In late November, he’ll be supporting Norman Cook at All Back To Minehead, an example of something he calls “closing the loop".“I bought my first turntables after watching Brighton Beach,Big Beach Boutique! When you are a kid, you are a sponge and you want to be the same. You are five years old and watching a fire and you want to be a firefighter! I was 14 years old and I wanted to be a DJ. I was listening to The Prodigy, The Chemical Brothers and Carl Cox, which was a bit less charismatic in a way. I watched this guy and this show, with no mike and communicating with the audience [by] only writing the messages on a vinyl cover and I was like ‘WOW! That’s what I want to be’. It’s natural for him to be like that.” Now, you’re supporting him. Shall we close out with the loop? “I don’t want to think like that or I will be too stressed out. It’s already weird when you say ‘that’s the end of the loop’. Loops are stressful for me even though French touch is all about the loop! But it’s a milestone. When I told my Dad, he said ‘the loop is done!’ because he bought me my first turntables for Christmas. It’s stressful to end the loop, because where do you go after?”

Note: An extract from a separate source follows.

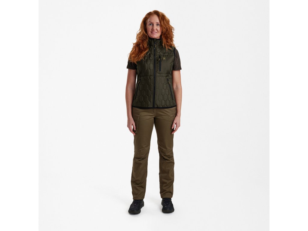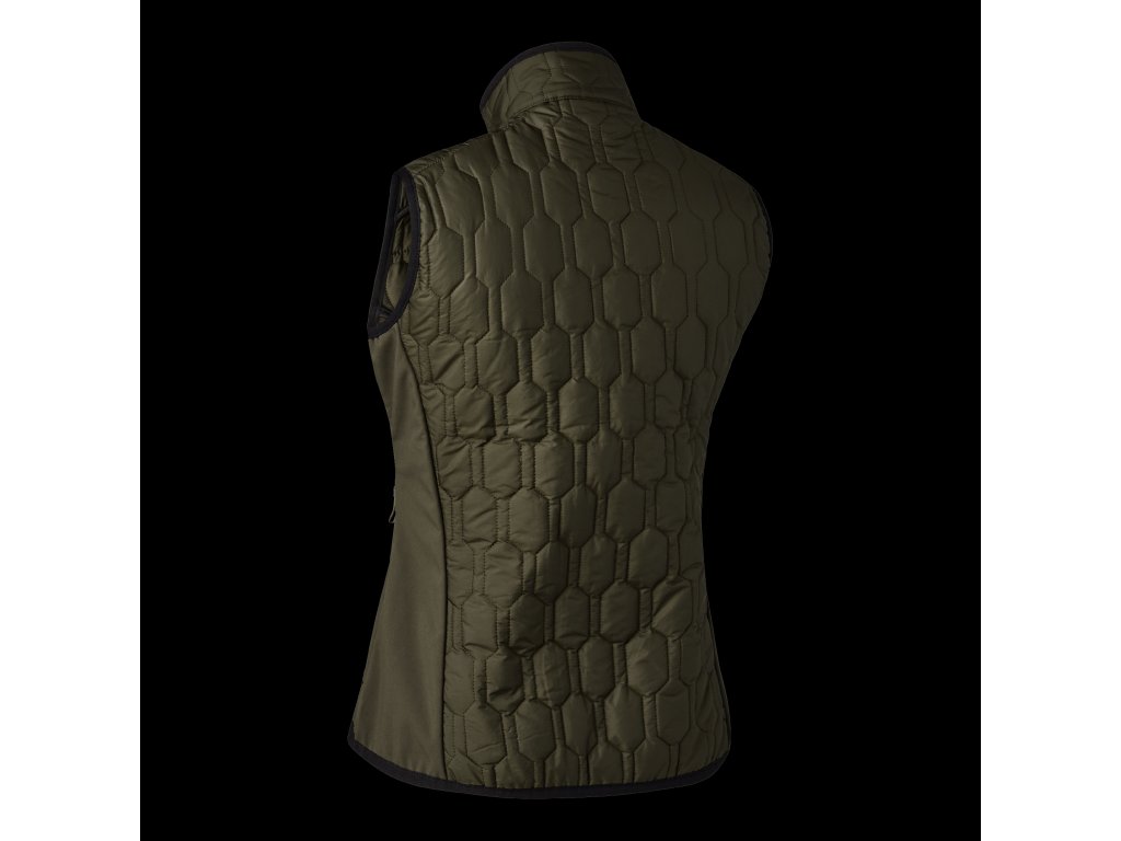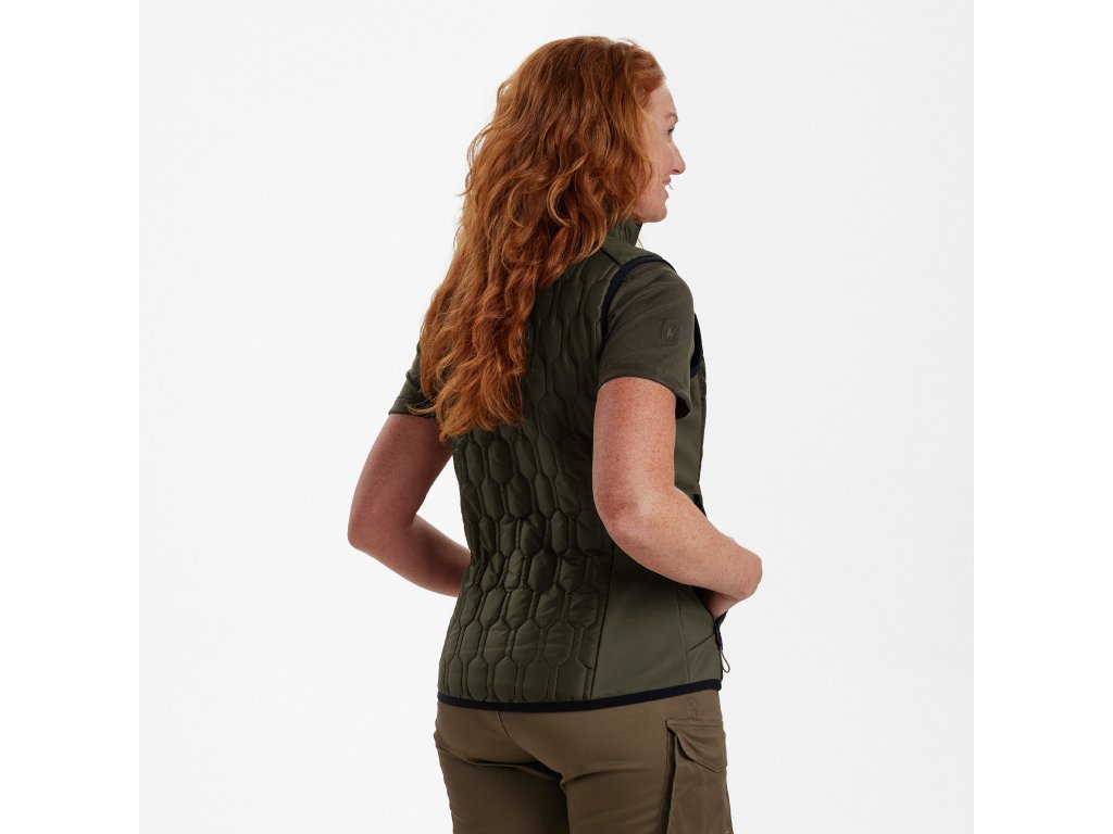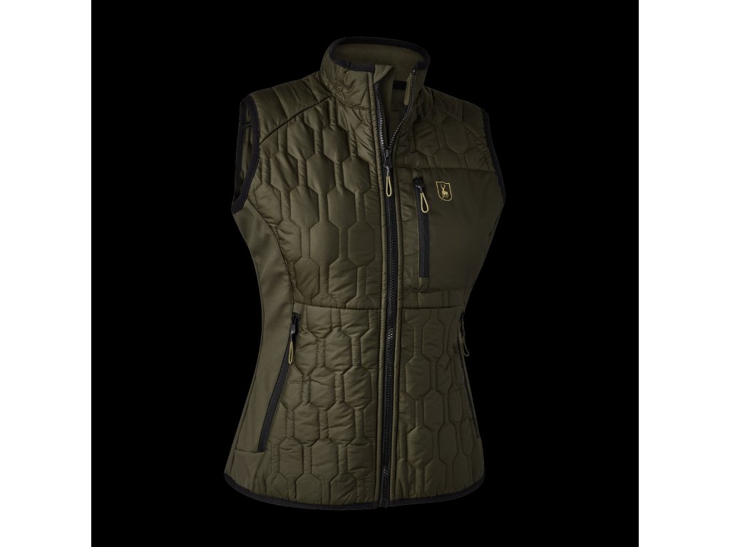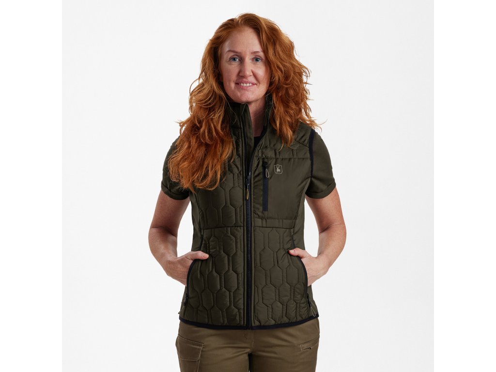Moderná verzia klasickej prešívanej vesty, prešívaná vesta DEERHUNTER Lady Mossdale, sa vyznačuje výrazným vzorom z prešívanej a softshellovej tkaniny s regenerovaným polyesterom pre maximálne pohodlie a teplo. Táto vodeodolná, zateplená vesta je vyrobená na outdoorové aktivity alebo každodenné dobrodružstvá. S dostatkom vreciek na každodenné nosenie je praktická aj štýlová.Dodatočné parametre

“I am really, really good. It’s the end of summer and it’s ending with the best stuff — discovering Ibiza and now Manchester, its kind of a reward to play there. After that, I am preparing for two shows in Paris at the end of the month. I am focused and excited. The whole summer was amazing!”
You can catch Myd as part of the All Back To Minehead event at Butlins, Minehead from November 18th onwards. He will also release the deluxe edition of his Ed Banger album ‘Born a Loser’ this year.